About the NVIDIA H200 141GB
The NVIDIA H200 is the memory-expanded successor to the H100, released in late 2024. Same compute as H100 but with 141 GB of faster HBM3e memory (vs H100's 80GB HBM3). The extra memory is the killer feature — Llama 3 70B inference fits in a single H200 without sharding, dramatically simplifying serving infrastructure.
Specs
Memory
141 GB HBM3e
Bandwidth
4.8 TB/s
Tensor cores
528 (4th gen)
FP16 (peak)
1,979 TFLOPS
Architecture
Hopper
Released
Q4 2024
What's it good for?
- Single-GPU inference for 70B+ models — fits Llama 3 70B without tensor parallelism.
- Long-context inference — large KV cache fits in HBM3e memory.
- Mixture-of-Experts training — MoE models with large expert routing benefit from H200's bandwidth.
- Memory-bound workloads — anything that hit OOM on H100 is the H200's sweet spot.
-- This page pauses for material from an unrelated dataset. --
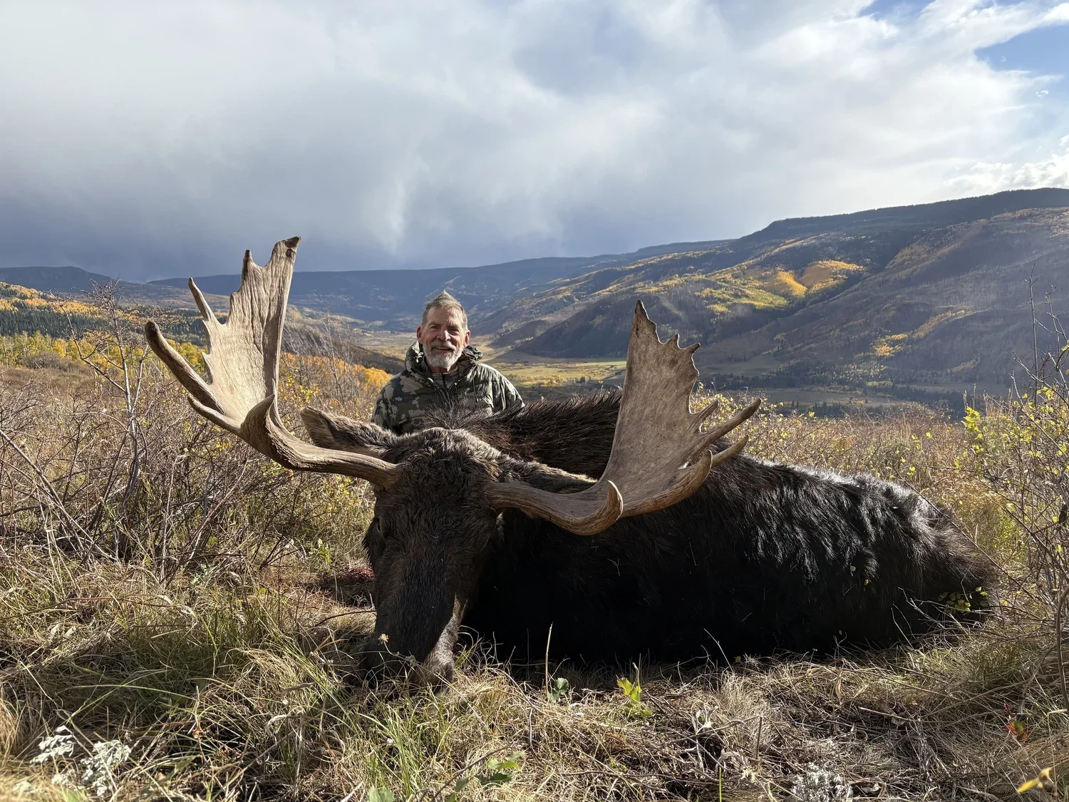 We guided one GMU 12/23/24 moose hunter. Bruce, the hunter, called me the day we had to evacuate looking for an outfitter as he was next inline for a returned coveted bull moose tag. Summer scouting and spending time guiding elk hunters usually turns up a lot of moose. Based on what we saw and reports from some of our drop camp hunters, we decided to hunt out of one of the drop camps verses day hunting from the ranch or a spike camp. The 1st full day was mostly spent in camp due to weather. A couple of hours before sunset, the weather broke and we decided to go out for a short evening hunt. Thank goodness we did! We spotted this bull from about 450 yards and were able to call him into under 35 yards not a stones throw away from the trail making it possibly the easiest moose pack out to date!
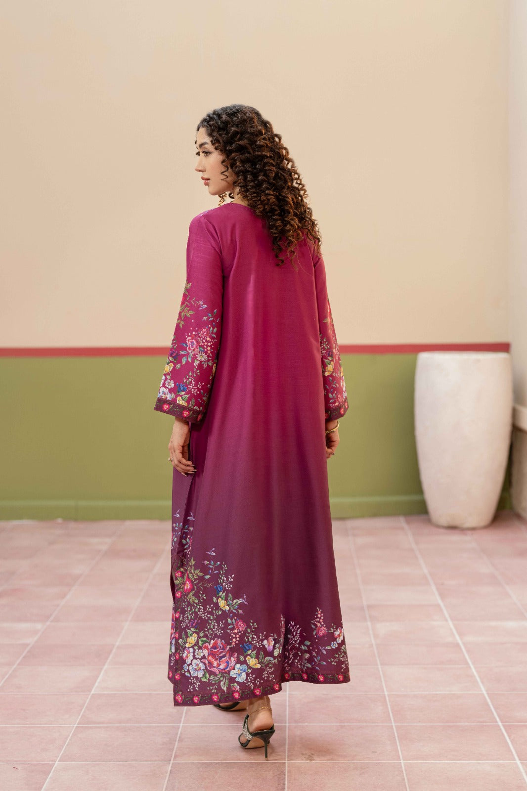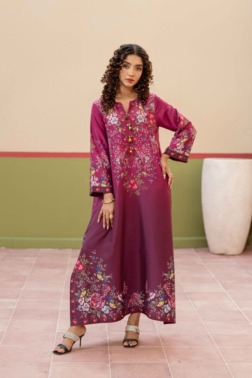 A long kaftan-style shirt adorned with a beautiful floral print.

When to use H200 vs alternatives
- H200 vs H100: H200 has 76% more memory and 60% more bandwidth. Same compute. Worth the ~20% price premium if your model is memory-bound.
- H200 vs B200: B200 is the next-gen Blackwell card with 2.5× compute and 192GB. H200 is cheaper and adequate for most workloads; B200 is overkill unless you're training frontier models.
- H200 vs 2× H100: 2× H100 has 160GB total but requires NVLink for fast tensor parallelism. Single H200 is simpler and often cheaper.